Top of Material supplied
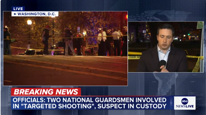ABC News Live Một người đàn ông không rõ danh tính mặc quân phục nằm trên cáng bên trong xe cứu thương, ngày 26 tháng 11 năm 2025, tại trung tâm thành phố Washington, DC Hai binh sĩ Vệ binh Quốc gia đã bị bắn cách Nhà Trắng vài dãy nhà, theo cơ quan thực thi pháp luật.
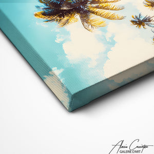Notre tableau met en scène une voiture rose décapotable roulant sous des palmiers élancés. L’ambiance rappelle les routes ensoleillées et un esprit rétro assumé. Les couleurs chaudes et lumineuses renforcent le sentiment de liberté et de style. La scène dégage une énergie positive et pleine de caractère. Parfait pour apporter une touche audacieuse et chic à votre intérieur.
Bottom of Material supplied
Top of Material supplied
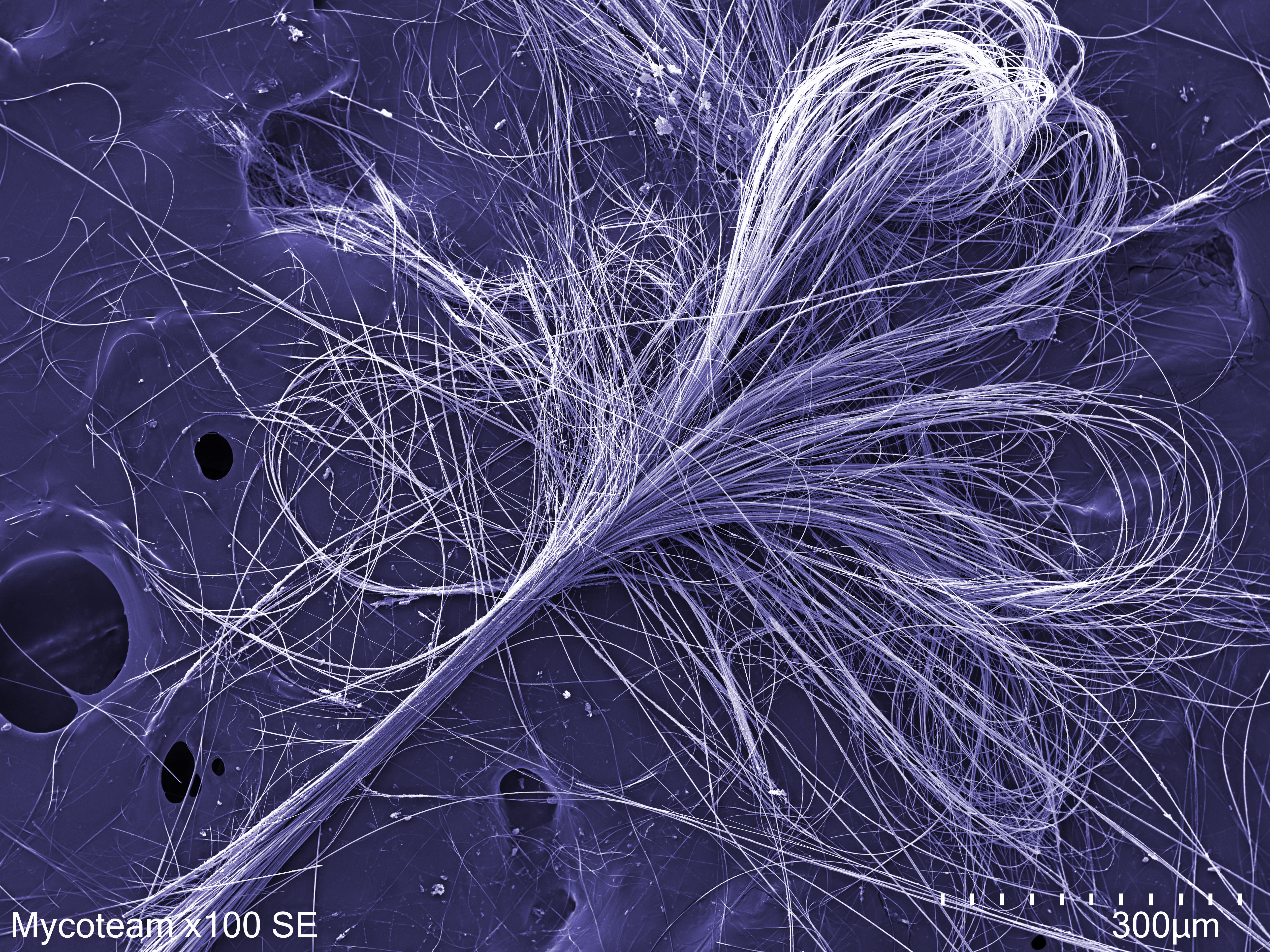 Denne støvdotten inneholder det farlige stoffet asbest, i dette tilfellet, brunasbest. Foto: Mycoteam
Bottom of Material supplied
Top of Material supplied
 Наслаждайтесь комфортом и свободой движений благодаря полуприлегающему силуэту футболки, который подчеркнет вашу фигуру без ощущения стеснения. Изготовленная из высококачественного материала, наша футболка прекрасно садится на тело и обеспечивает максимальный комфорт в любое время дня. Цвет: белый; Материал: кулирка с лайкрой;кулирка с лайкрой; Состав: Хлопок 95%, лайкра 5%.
Bottom of Material supplied
> [What needs to be done]: Above are some records. Output exactly the lines from the one that contains "ABC News Live" to the one that contains "Notre tableau met", keeping both, and omit the pictures.

> [Solution to this exercise]:
ABC News Live Một người đàn ông không rõ danh tính mặc quân phục nằm trên cáng bên trong xe cứu thương, ngày 26 tháng 11 năm 2025, tại trung tâm thành phố Washington, DC Hai binh sĩ Vệ binh Quốc gia đã bị bắn cách Nhà Trắng vài dãy nhà, theo cơ quan thực thi pháp luật.
Notre tableau met en scène une voiture rose décapotable roulant sous des palmiers élancés. L’ambiance rappelle les routes ensoleillées et un esprit rétro assumé. Les couleurs chaudes et lumineuses renforcent le sentiment de liberté et de style. La scène dégage une énergie positive et pleine de caractère. Parfait pour apporter une touche audacieuse et chic à votre intérieur.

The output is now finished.